── Task input
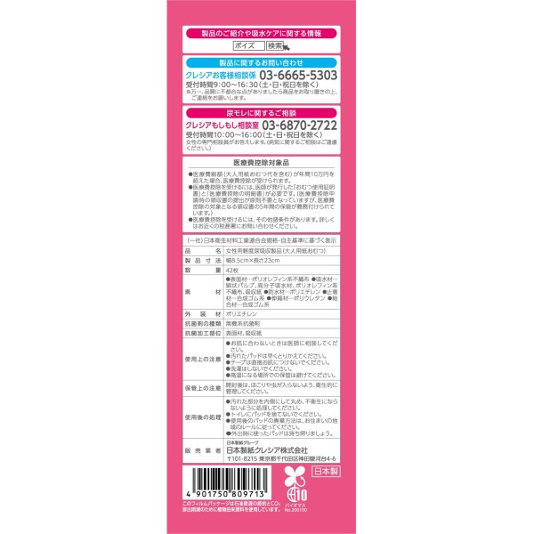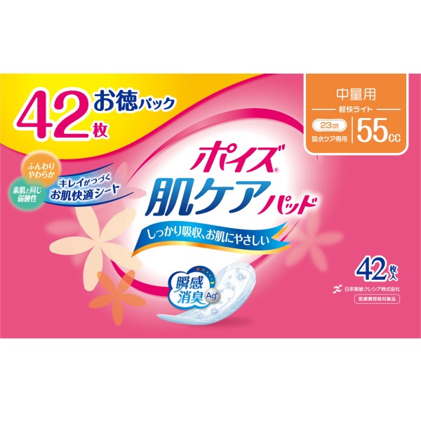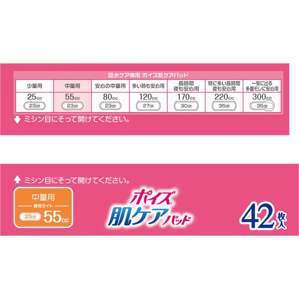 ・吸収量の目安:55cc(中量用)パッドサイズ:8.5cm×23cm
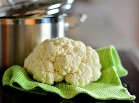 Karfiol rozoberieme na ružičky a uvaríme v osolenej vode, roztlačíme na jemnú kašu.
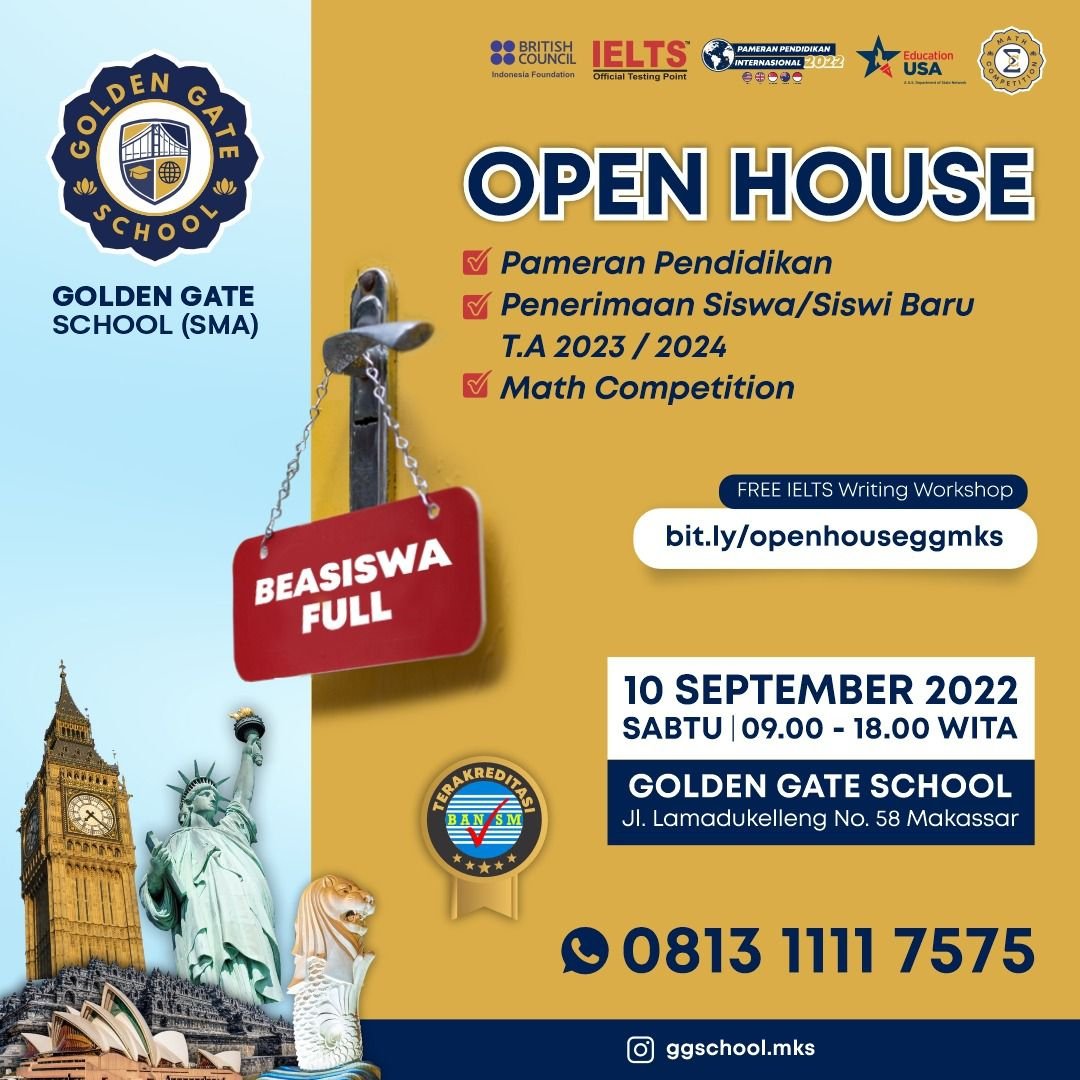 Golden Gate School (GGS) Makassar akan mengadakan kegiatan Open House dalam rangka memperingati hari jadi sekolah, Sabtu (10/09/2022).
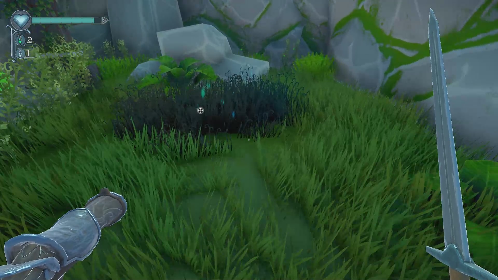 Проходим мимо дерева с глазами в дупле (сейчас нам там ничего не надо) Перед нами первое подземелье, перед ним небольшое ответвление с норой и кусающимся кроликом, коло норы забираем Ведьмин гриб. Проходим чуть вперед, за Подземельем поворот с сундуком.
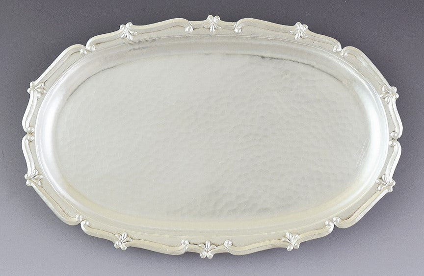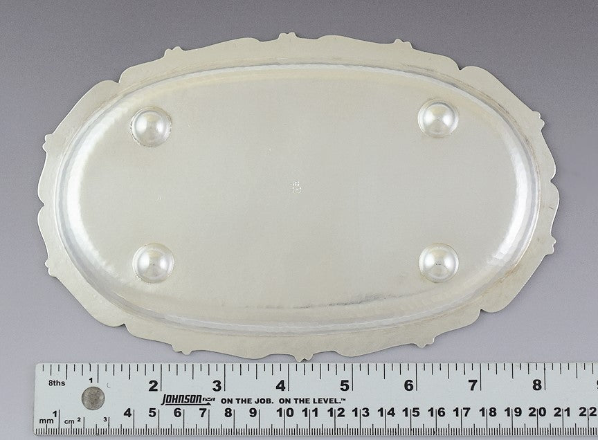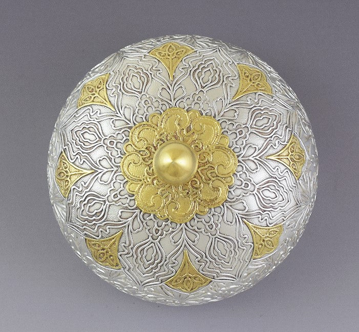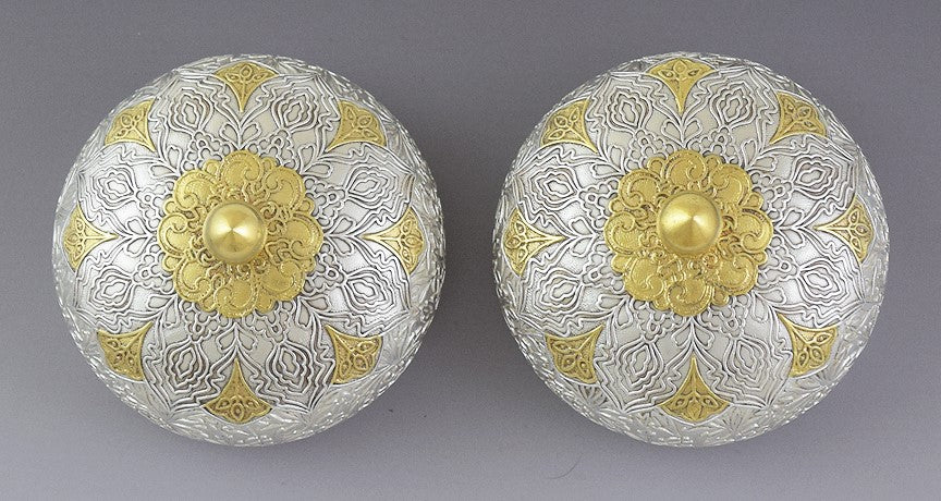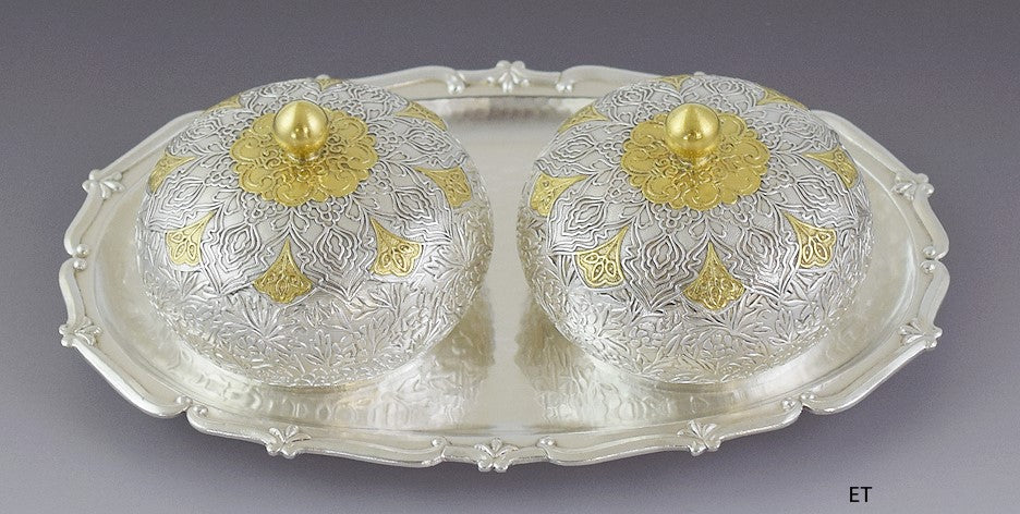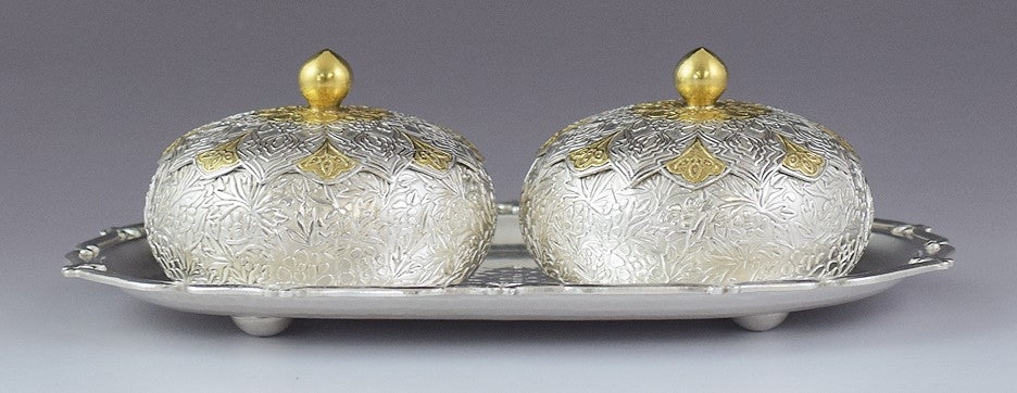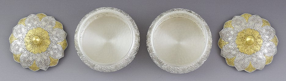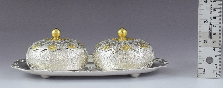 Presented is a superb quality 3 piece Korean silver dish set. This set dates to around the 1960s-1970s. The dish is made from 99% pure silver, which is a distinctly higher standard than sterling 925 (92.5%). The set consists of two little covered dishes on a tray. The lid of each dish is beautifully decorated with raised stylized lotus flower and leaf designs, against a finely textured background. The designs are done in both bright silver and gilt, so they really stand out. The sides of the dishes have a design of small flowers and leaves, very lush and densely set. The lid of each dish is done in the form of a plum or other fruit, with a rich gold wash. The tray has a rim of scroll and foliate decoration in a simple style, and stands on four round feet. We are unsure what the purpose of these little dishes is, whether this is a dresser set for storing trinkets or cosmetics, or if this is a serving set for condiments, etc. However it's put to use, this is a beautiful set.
────
# Task item:
Nothing but the pictures may be dropped; output the records above exactly.

# Completed task:
 ・吸収量の目安:55cc(中量用)パッドサイズ:8.5cm×23cm
 Karfiol rozoberieme na ružičky a uvaríme v osolenej vode, roztlačíme na jemnú kašu.
 Golden Gate School (GGS) Makassar akan mengadakan kegiatan Open House dalam rangka memperingati hari jadi sekolah, Sabtu (10/09/2022).
 Проходим мимо дерева с глазами в дупле (сейчас нам там ничего не надо) Перед нами первое подземелье, перед ним небольшое ответвление с норой и кусающимся кроликом, коло норы забираем Ведьмин гриб. Проходим чуть вперед, за Подземельем поворот с сундуком.
 Presented is a superb quality 3 piece Korean silver dish set. This set dates to around the 1960s-1970s. The dish is made from 99% pure silver, which is a distinctly higher standard than sterling 925 (92.5%). The set consists of two little covered dishes on a tray. The lid of each dish is beautifully decorated with raised stylized lotus flower and leaf designs, against a finely textured background. The designs are done in both bright silver and gilt, so they really stand out. The sides of the dishes have a design of small flowers and leaves, very lush and densely set. The lid of each dish is done in the form of a plum or other fruit, with a rich gold wash. The tray has a rim of scroll and foliate decoration in a simple style, and stands on four round feet. We are unsure what the purpose of these little dishes is, whether this is a dresser set for storing trinkets or cosmetics, or if this is a serving set for condiments, etc. However it's put to use, this is a beautiful set.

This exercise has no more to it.